Para começar, adicione 70 microlitros de tampão condicionante para cada mililitro da infração do humor ocular sem células. Vórtice as contas de limpeza para misturar completamente. Em seguida, adicione as contas à amostra e, em seguida, vomite a amostra e as misturas de contas.
Centrifugar esta mistura a 3000 G durante 15 minutos à temperatura ambiente. Sem deslocar o pellet, extraia o supernato e, em seguida, adicione um volume igual de tampão de digestão do pellet de urina ao pellet. Pipetar a solução para cima e para baixo para ressuspender o pellet.
Agora adicione proteinase K à mistura de pellets ressuspensos. Incubar a mistura a 55 graus Celsius durante 30 minutos e, em seguida, adicionar um volume igual de tampão de lise genómica à mistura de digestão. Vórtice bem a solução para misturá-la bem.
Agora, coloque a coluna de spin disponível comercialmente em um novo tubo de coleta. Adicione 200 microlitros de tampão de preparação de DNA urinário à coluna de rotação. Centrifugar a 16.000 G durante um minuto à temperatura ambiente e eliminar o fluxo.
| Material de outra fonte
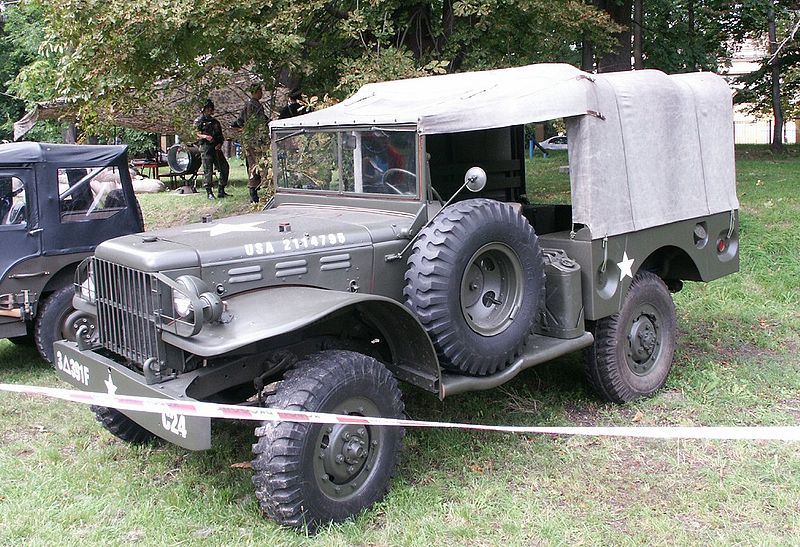 Если нужны, то вот фотографии Доджа (взято откудато из сетки): это действительно Додж 3/4 или, как правильно, WC-51. Спасибо Интернет-сообществу за помощь. вот что про него говорит Википедия Dodge WC-51 - американский армейский автомобиль повышенной проходимости времён второй мировой войны, тяжелый джип. Выпускался фирмой Dodge с 1941 года. Автомобили серии WC (от англ. Weapons Carrier - "носитель оружия") отличались простотой, технологичностью в производстве и высокой степенью унификации. С 1942 года поставлялись в СССР по договору ленд-лиза. В Красной Армии получил прозвище "Додж Три Четверти" из-за своей грузоподъёмности 750 кг (3/4 тонны). Описание Основные агрегаты унифицированы с грузовиками Dodge серии WF. Рама автомобиля лонжеронная, с четырьмя поперечинами сложной формы. Кабина - открытая, двухместная. Ветровое стекло откидывается вперёд. Слева от кабины закреплено запасное колесо на поворотном кронштейне. Кузов цельнометаллический, по бокам над колёсами - ящики для амуниции. На кузове установлены три дуги для тента. Пол кузова приспособлен для установки постамента под крупнокалиберный пулемёт или 37-мм пушку. Техническая характеристика Тип двигателя: Бензиновый, рядный, шестицилиндровый Рабочий объём: 3 770 см3 ход поршня = 117,47 мм диаметр цилиндра = 82,55 мм Максимальная мощность: 92 л.с., при 3200 об/мин Длина: 4235 мм Ширина: 2120 мм Высота: 1870 мм (без тента) Клиренс: 270 мм Колёсная база: 2490 мм Колея задняя: 1650 мм Колея передняя: 1670 мм Макс. скорость: 87 км/ч Грузоподъёмность: 750 кг Масса без груза: 2315 кг Размер шин: 9,00-16 [править] Модификации серии WC WC-51 - открытая кабина WC-52 - WC-51 с лебёдкой WC-53 - штабная с закрытым кузовом WC-54 - санитарная с закрытым кузовом WC-55 - открытый пятиместный штабной автомобиль WC-56 - командирский автомобиль WC-59 - ремонтная мастерская WC-60 - машина связи WC-62 - трёхосный вариант WC-63 - трёхосный вариант с лебёдкой Двигатели Т-215 Марка: Т-215 Тип: Бензиновый Объём: 3 770 см3 Максимальная мощность: 92 л.с., при 3200 об/мин Максимальный крутящий момент: 249 Н·м, при 1200 об/мин Конфигурация: рядный, шестицилиндровый Цилиндров: 6 Клапанов: 12 Ход поршня: 117,47 мм Диаметр цилиндра: 82,55 мм Cтепень сжатия: 6,7 Система питания: карбюратор Охлаждение: жидкостное Клапанной механизм: SV Тактность (число тактов): 4 Порядок работы цилиндров: 1-5-3-6-2-4 Рекомендованное топливо: Б-70 Трансмиссия 4ступенчатая (демультипликатор отсутствовал, передний мост подключался "жестко" Характеристики Массово-габаритные Длина: 4235 мм Ширина: 2120 мм Высота: 1870 мм (без тента), 2130 (с тентом) Клиренс: 273 мм Колёсная база: 2490 мм Колея задняя: 1650 мм Колея передняя: 1670 мм Масса: 2315 кг Динамические Макс. скорость: 87 км/ч Другое Грузоподъёмность: 750 кг Объём бака: 114 л -------------------- 89148508740

Agora pipetar 700 microlitros de DNA urinário lava tampão para a coluna e centrífuga como demonstrado. Depois de descartar o fluxo, transfira a coluna de spin para um tubo de microcentrífuga DNase, livre de RNase. Por último, adicione o volume apropriado de tampão de eluição de ADN directamente à matriz da coluna e deixe-o descansar durante três a cinco minutos à temperatura ambiente e, em seguida, centrifugar novamente para obter ADN livre de células.
Os rendimentos de DNA de ambos os componentes celulares e livres de células dos fluidos oculares foram semelhantes. Foi realizada análise por PCR dos componentes celulares e livres de células de uma mutação associada ao linfoma vitreorretiniano. Uma maior taxa de mutação estava presente no componente livre de células, como demonstrado por um limiar de ciclo reduzido.